Task details:
Pictures must not appear; the answer is exactly the lines from the one that holds "Страпон с мошонкой" through the end of the material.

Data shown:
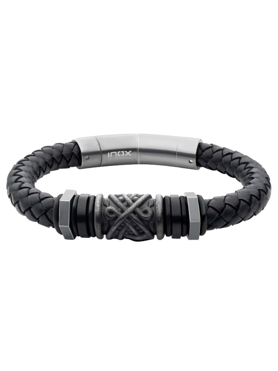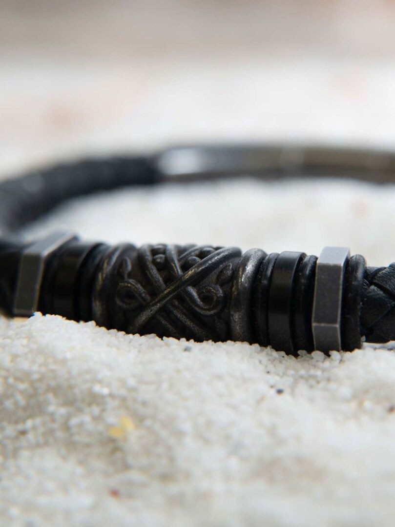 Męska bransoleta z czarnej skóry full grain o plecionym wzorze, z detalami w kolorze gunmetal. Wyposażona w wygodne, cylindryczne zapięcie zaciskowe, które zapewnia łatwe i bezpieczne użytkowanie. Idealny dodatek dla osób chcących nosić coś dyskretnego, lecz wyrazistego.
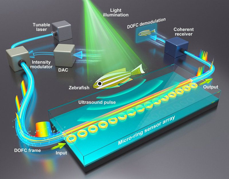 基于上述積累,研究團(tuán)隊(duì)研制出包含15個(gè)微腔的超高靈敏度光學(xué)超聲傳感器陣列,該微環(huán)傳感器陣列具有高靈敏度、大帶寬和小尺寸等優(yōu)點(diǎn),其中單個(gè)微環(huán)傳感器具有175 MHz(-6 dB)的檢測帶寬和2.2?mPaHz?1/2的噪聲等效壓力,性能指標(biāo)達(dá)到國際領(lǐng)先水平?;诳烧{(diào)的數(shù)字光頻梳技術(shù),該研究團(tuán)隊(duì)還研發(fā)了一套可與微環(huán)傳感器陣列相匹配的高性能并行信號檢測方案,對高速動(dòng)態(tài)粒子、靜態(tài)葉脈和活體斑馬魚等展示了光聲計(jì)算成像結(jié)果。
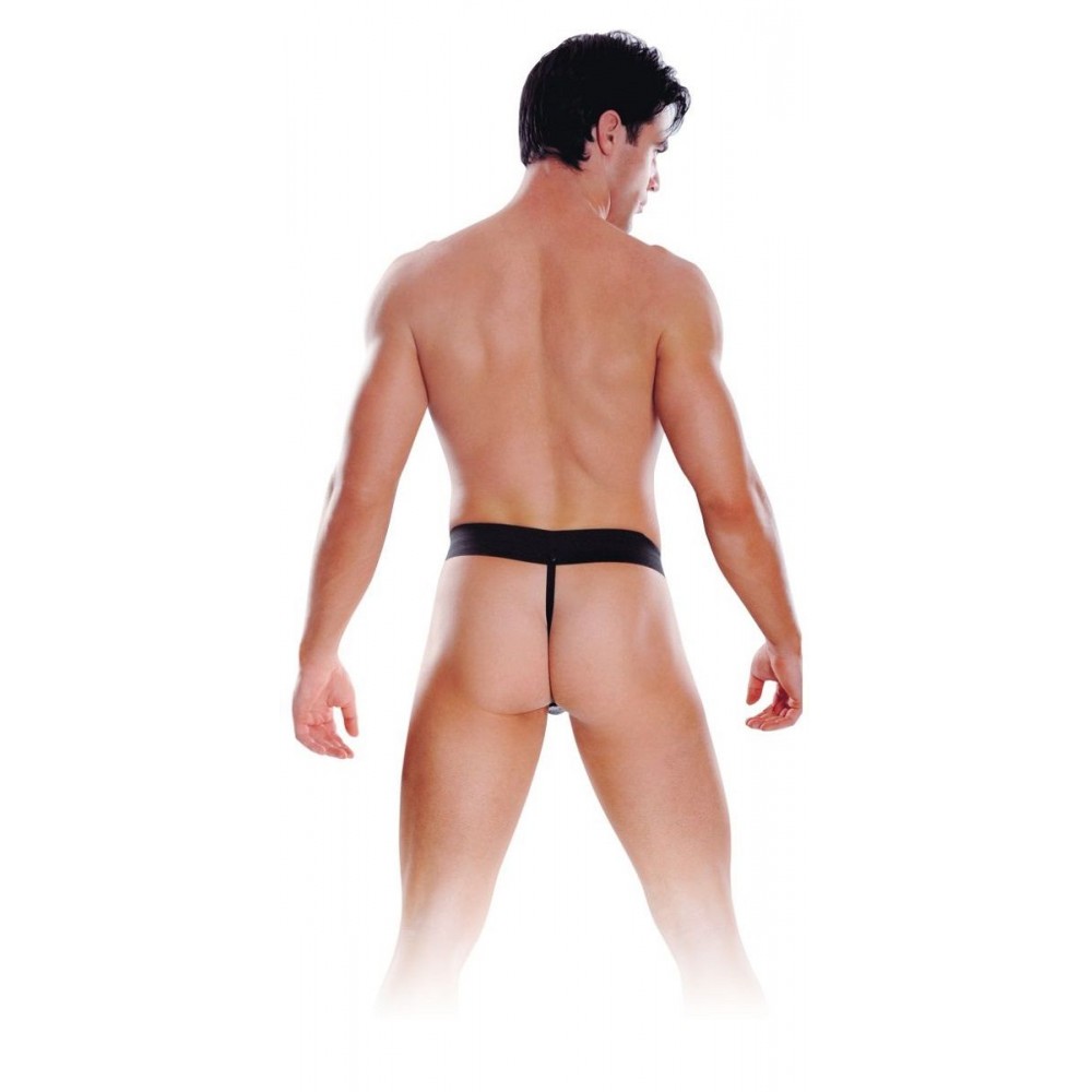 Страпон с мошонкой и ярко выраженной головкой из чёрного, эластичного силикона. Пустой внутри, с гладкой наружностью. Страпон крепится к трусикам с помощью металлического съемного кольца. В комплекте маска на глаза.
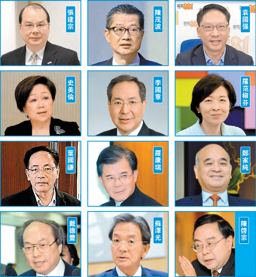 張建宗、陳茂波、袁國強、史美倫、李國章、羅范椒芬、葉國謙、羅康瑞、鄭家純、戴德豐、蘇澤光、陳啟宗

Answer to this task:
 Страпон с мошонкой и ярко выраженной головкой из чёрного, эластичного силикона. Пустой внутри, с гладкой наружностью. Страпон крепится к трусикам с помощью металлического съемного кольца. В комплекте маска на глаза.
 張建宗、陳茂波、袁國強、史美倫、李國章、羅范椒芬、葉國謙、羅康瑞、鄭家純、戴德豐、蘇澤光、陳啟宗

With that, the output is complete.